Wrapped TreesWrapped Trees

The lamb, symbolically the most innocent of God’s creation has been paradoxically earmarked since time immemorial, for butchery to assuage  divine wrath. Whilst at the same time, it transubstantiates into a symbol of salvation through Jesus Christ, the Lamb of God, who redeems mankind by dying on a cross.

Sacrifice of the Lambs 6 introduces a Roman Catholic dimension to this series through the figure of a monk wearing what might be a Franciscan habit.

The holy man seems to be at odds with himself. His hands are raised in a sacrificial blessing, or in an act of resignation to the mores of a dogmatic belief that unequivocally demands a victim.
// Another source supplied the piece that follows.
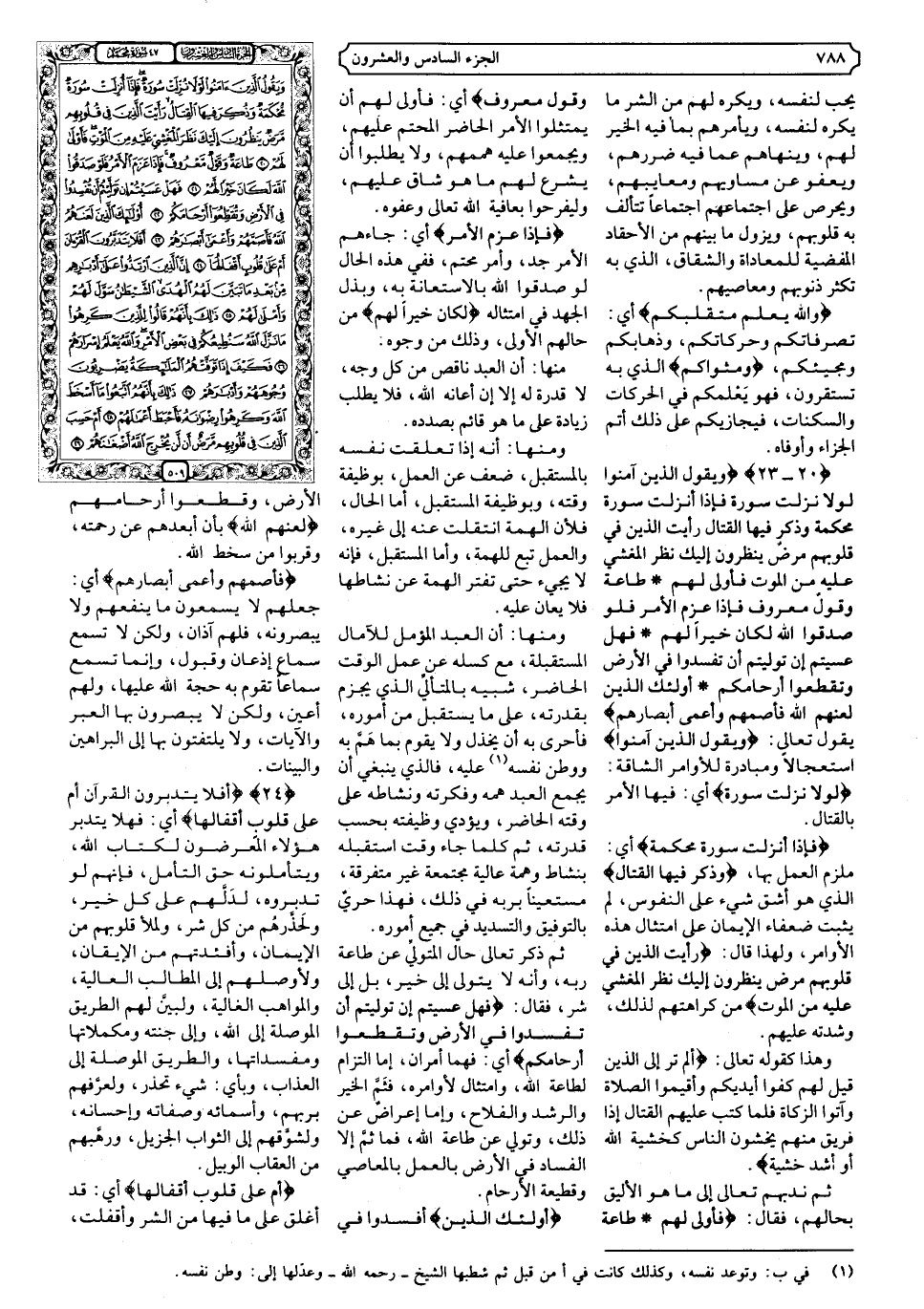 {٢٠-٢٣} {وَيَقُولُ الَّذِينَ آمَنُوا لَوْلا نُزِّلَتْ سُورَةٌ فَإِذَا أُنْزِلَتْ سُورَةٌ مُحْكَمَةٌ وَذُكِرَ فِيهَا الْقِتَالُ رَأَيْتَ الَّذِينَ فِي قُلُوبِهِمْ مَرَضٌ يَنْظُرُونَ إِلَيْكَ نَظَرَ الْمَغْشِيِّ عَلَيْهِ مِنَ الْمَوْتِ فَأَوْلَى لَهُمْ * طَاعَةٌ وَقَوْلٌ مَعْرُوفٌ فَإِذَا عَزَمَ الأمْرُ فَلَوْ صَدَقُوا اللَّهَ لَكَانَ خَيْرًا لَهُمْ * فَهَلْ عَسَيْتُمْ إِنْ تَوَلَّيْتُمْ أَنْ تُفْسِدُوا فِي الأرْضِ وَتُقَطِّعُوا أَرْحَامَكُمْ * أُولَئِكَ الَّذِينَ لَعَنَهُمُ اللَّهُ فَأَصَمَّهُمْ وَأَعْمَى أَبْصَارَهُمْ} .

The immoral act of killing an innocent creature somehow betrays what he really stands for as a follower of St Francis. As the cycle of paintings progresses, the group of the three lambs – which form an audience to the slaughter of one of their number – is replaced by three women clad in garments of mourning.

Calleja stresses on the strong feminine presence in the later paintings from this powerful cycle. Perhaps these imply deep maternal instincts that resent the murder of innocents under any guise, be it ritual sacrifice, gangland execution or “unavoidable” accidents of war. Here are very spiritual paintings that tug at one’s heartstrings, where the depiction of everyday maternal despair at the loss of children in war-torn countries, is transformed into a timeless Pietà.
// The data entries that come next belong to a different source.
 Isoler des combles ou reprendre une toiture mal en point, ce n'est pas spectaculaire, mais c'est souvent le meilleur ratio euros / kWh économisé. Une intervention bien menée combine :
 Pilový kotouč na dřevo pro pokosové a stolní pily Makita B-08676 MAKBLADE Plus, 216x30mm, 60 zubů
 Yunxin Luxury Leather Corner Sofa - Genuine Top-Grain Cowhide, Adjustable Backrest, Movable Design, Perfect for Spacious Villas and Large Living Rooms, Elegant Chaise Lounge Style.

In some instances, the male gun-wielding presence appears aloof. In Sacrifice of the Lambs 15, a lance-like phallic gun barrel hovers above the head of the woeful mother, a contemporary Our Lady of Sorrows.

The ninth and 11th works in the series display a morbid immediacy one can find evident within American photographer Weegee’s crime scene prints.  The focus is on the body, which lies very much lifeless and in rigor mortis.

The presence of onlookers is reduced to pairs of feet, eliminating any show of empathy towards the victim. Death has always been matter of fact in a cruel world, and these two paintings emphatically drive the point home. 

In her insightful introductory essay for the exhibition catalogue, Vella observes that “the series of paintings are overlaid with prehistoric sacrificial imagery, biblical episodes from the Passion and contemporary war footage”.  It may well be agreed that the Sacrifice of the Lambs series is to be regarded as a story which Calleja pictorially narrates over a period of 15 years.

It is a narrative as old as prehistory, and as epochal as the death of a Jew on the Golgotha almost two thousand years ago. Yet, at the same time, it is as contemporary and clichéd an expression as today’s horrible breaking news from the usual global hotspots.

In its entirety, Sacrifice of the Lambs seems to echo Gertrude Stein’s claim that “a masterpiece may be unwelcome, but it is never dull”.

The BOV Retrospective Exhibition runs at the National Museum of Archeology, Valletta, until July 15.